Design and construction
- Designations: Protected (10/11/1955)

Other information
- Public transit: 2 6 Osseghem/Ossegem

References

= Karreveld Castle =

Castle-farm in Brussels, Belgium

Karreveld Castle (Château du Karreveld; Kasteel Karreveld) is a castle-farm in Molenbeek-Saint-Jean, a municipality of Brussels, Belgium. The castle and surrounding park are used for cultural events and meetings of the municipal council. It is located at 32, avenue Jean de la Hoese/Jean de la Hoeselaan.

==Toponymy==
The name Karreveld (originally spelled Carrevelt) was first recorded in 1253 in a deed of donation by John I, Duke of Brabant, to his wife Margaret, daughter of King Louis IX of France. It is sometimes linked to the Dutch words Karel Veld, meaning "Charles Field", based on a legend that Emperor Charles V once stopped at the site. However, official records mention the name long before his birth.

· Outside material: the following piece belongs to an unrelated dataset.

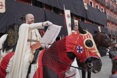 A primera hora de día, a las 8.30, cuando aún está presente la emoción por las procesiones del Jueves Santo y la madrugada, el hermano cofrade a caballo Álvaro Gimeno había recogido en el Palacio Arzobispal, de manos del arzobispo Luis Argüello, el pergamino del Pregón que fue leído en 13 localizaciones de la ciudad, donde anima a los fieles a acudir al mediodía a la Plaza Mayor para escuchar las últimas palabras de Jesús en la cruz.

A more likely origin is the Old Dutch Karreelvelt, meaning "field of brick earth", referring to the local brickmaking activity that continued into the early 20th century.

==History==
The current castle was built in the 16th or 17th century in the Flemish Renaissance style. In 1656, after passing through several owners, the castle and its estate became the property of the Spanish nobleman Don Garcia Osorio y Borgia. In 1780, the House de Villegas, an influential Belgian noble family of Spanish origin, who also owned Rivieren Castle in the nearby municipality of Ganshoren, acquired the Karreveld estate. The family retained ownership for nearly two and a half centuries.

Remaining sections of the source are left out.